Já o deputado Eduardo Siqueira Campos (PTB) foi escolhido para ser o
líder do bloco formado pelo PTB e PR. O bloco é formado pelos deputados
Mauro Carlesse (PTB), Luana Ribeiro (PR) e José Bonifácio (PR). Este
último compõe a base aliada do governador Marcelo Miranda (PMDB) e
demonstrou insatisfação em integrar o bloco oposicionista.
O terceiro bloco que fará oposição ao Palácio Araguaia é o
Solidariedade. O bloco é formado pelos deputados Amélio Cayres,
Wanderlei Barbosa, Jorge Frederico e Vilmar do Detran. A decisão sobre o
líder do bloco deve sair nesta quarta-feira, 4.

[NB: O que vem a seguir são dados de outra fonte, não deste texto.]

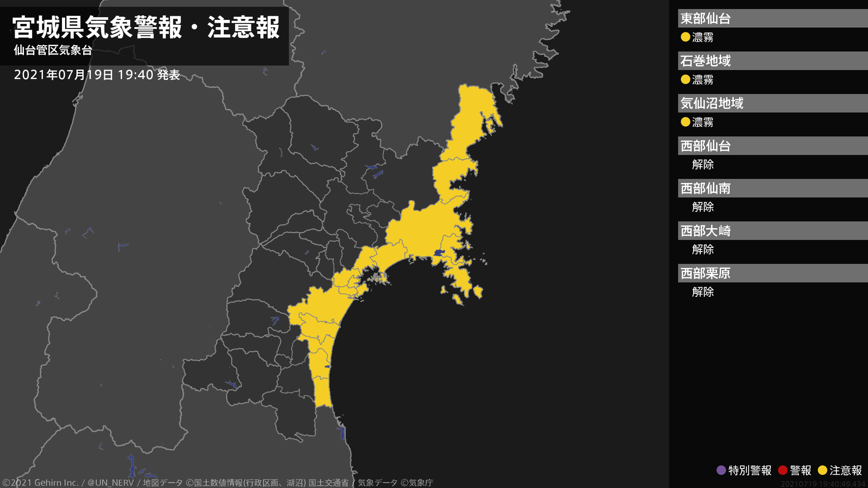 【宮城県 気象警報・注意報 2021年07月19日 19:40】
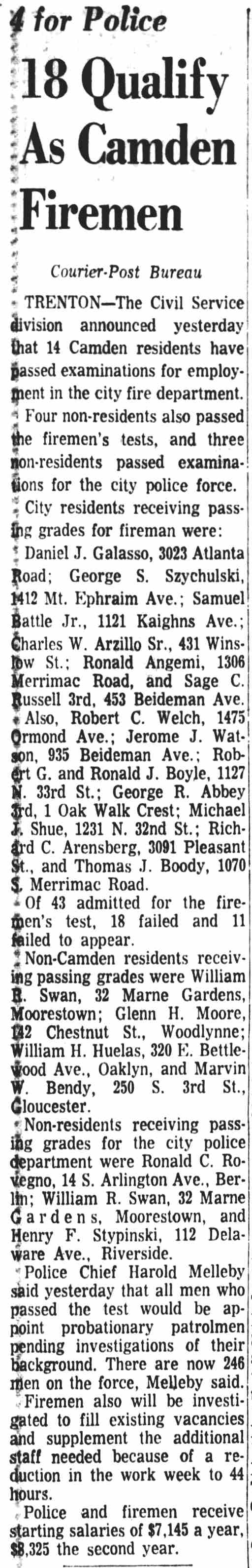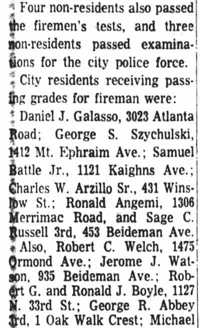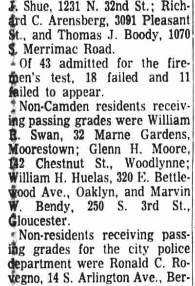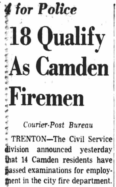 GLENN H. MOORE was born on June 26, 1945. He was appointed to the Camden Fire Department on November 8, 1968. After Camden lifted its residency requirements for police and fire personnel, Glenn H. Moore moved to the Hilltop section of Gloucester Township. He served with Engine Company 11 in Cramer Hill during the 1990s. Glenn H. Moore retired fro the Fire Department on January 1, 2000. Glenn H. Moore passed away on October 24, 2011. |

Na sessão dessa terça-feira, 3, a permanência ou não do deputado
Cleiton Cardoso (PSL) no bloco oposicionista liderado por Ricardo Ayres
gerou desentendimento entre os deputados. Cardoso pediu para sair do do
bloco e é um dos potenciais deputados que podem aumentar a base do
governo, atualmente composta por 10 parlamentares, que votaram no
candidato do governo à presidência da Casa, Eli Borges (Pros). Para os
adversários do Palácio Araguaia, o deputado não poderá compor outro
bloco, porque seu nome já tinha sido publicado no Diário da Assembleia.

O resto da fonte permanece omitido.